Assigned task: In the data below, reproduce everything exactly except the images.

** Opening Supplied records block **

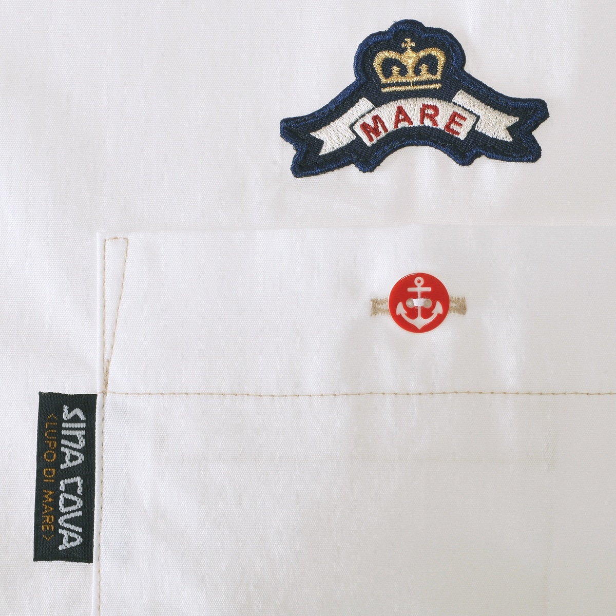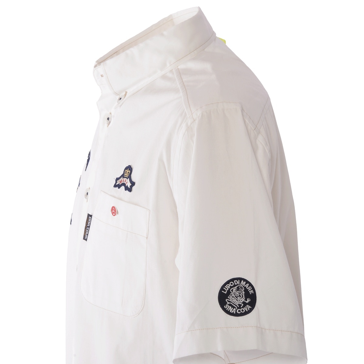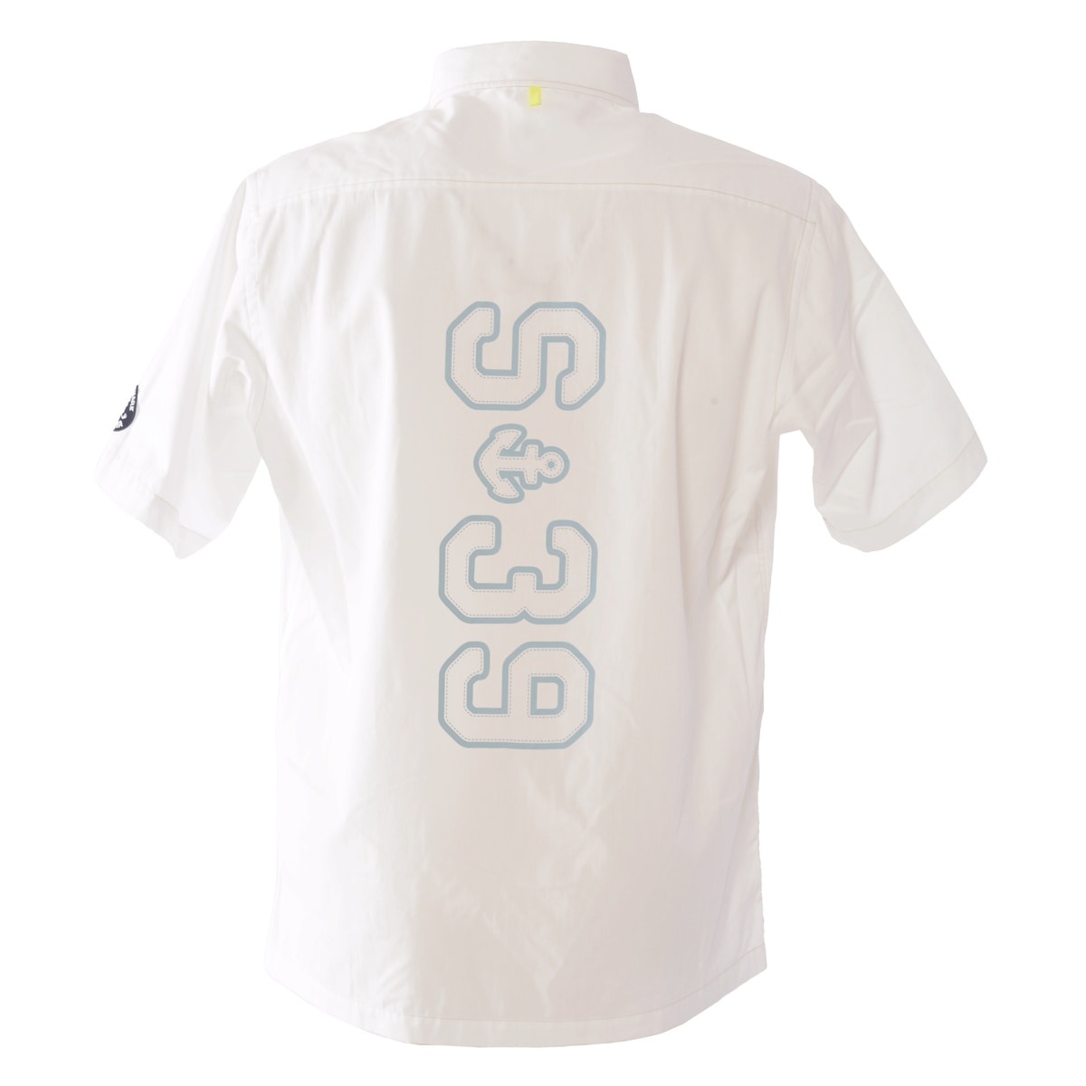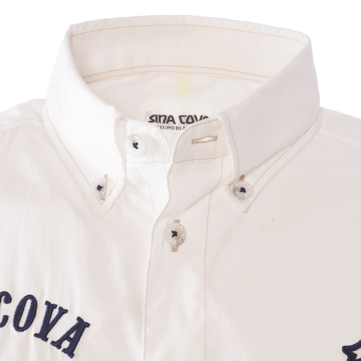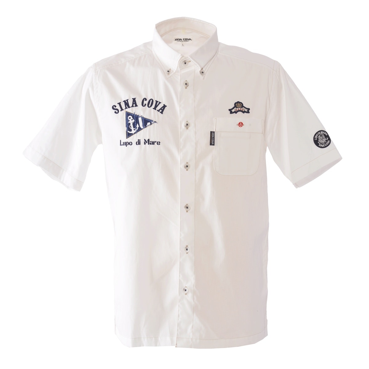 フロントにフラッグ刺繍とワッペン、バッグにSINACOVAの「S」とイタリアの国際番号「39」をプリントでデザインしレーシングイメージを表現した半袖ボタンダウンシャツです。
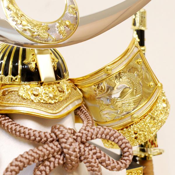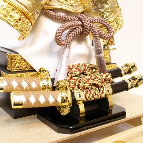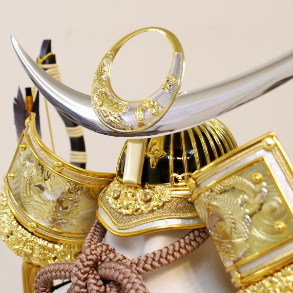 上杉の日輪三日月前立てにも装飾を施し、前飾りに太刀を2本飾った久月がこだわって造った逸品です。
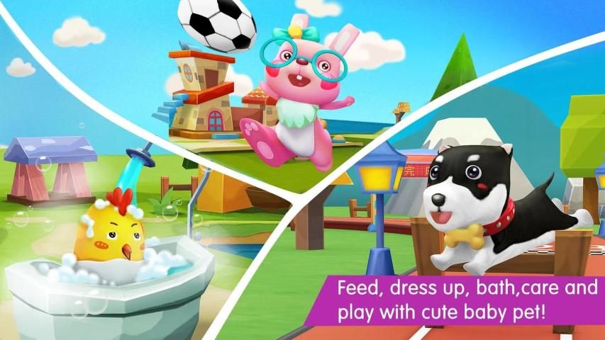 3. Feed, dress up, bath,care and play with cute baby pet! Various cute pets are waiting for your care. Adorable kitten, dog, chicks and more!
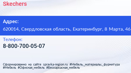 Skechers по адресу 620014, Свердловская область, Екатеринбург, 8 Марта, 46 в дальнейшем Организация, размещена в следующих категориях:
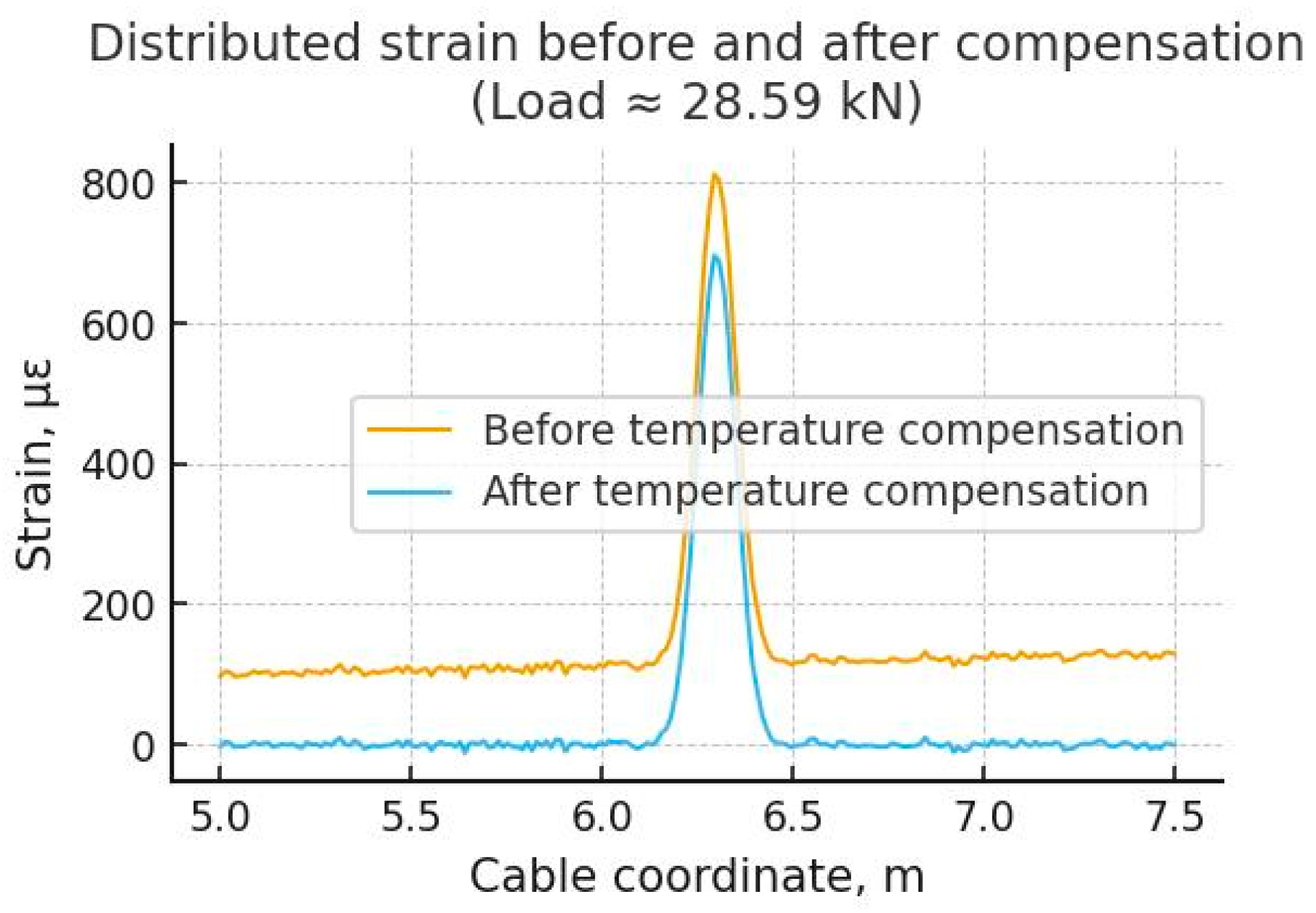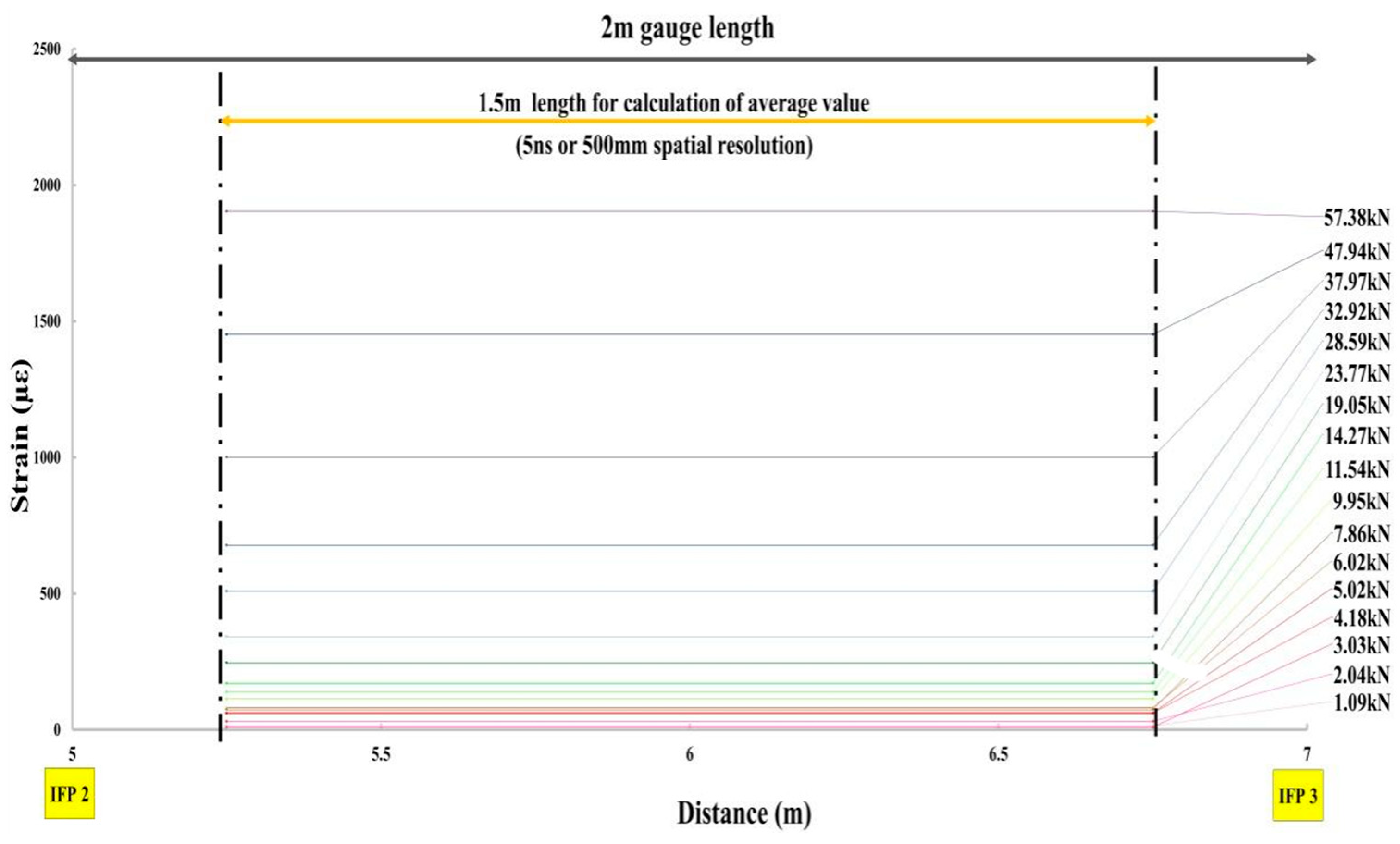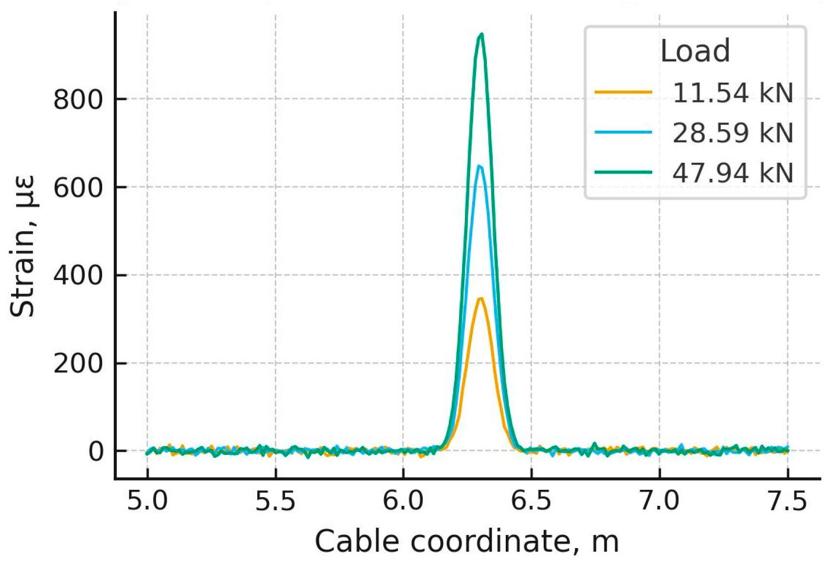 - Repeatability of unloaded DFOS baselines within several tens of microstrain;

** Closing Supplied records block **

Written solution:
 フロントにフラッグ刺繍とワッペン、バッグにSINACOVAの「S」とイタリアの国際番号「39」をプリントでデザインしレーシングイメージを表現した半袖ボタンダウンシャツです。
 上杉の日輪三日月前立てにも装飾を施し、前飾りに太刀を2本飾った久月がこだわって造った逸品です。
 3. Feed, dress up, bath,care and play with cute baby pet! Various cute pets are waiting for your care. Adorable kitten, dog, chicks and more!
 Skechers по адресу 620014, Свердловская область, Екатеринбург, 8 Марта, 46 в дальнейшем Организация, размещена в следующих категориях:
 - Repeatability of unloaded DFOS baselines within several tens of microstrain;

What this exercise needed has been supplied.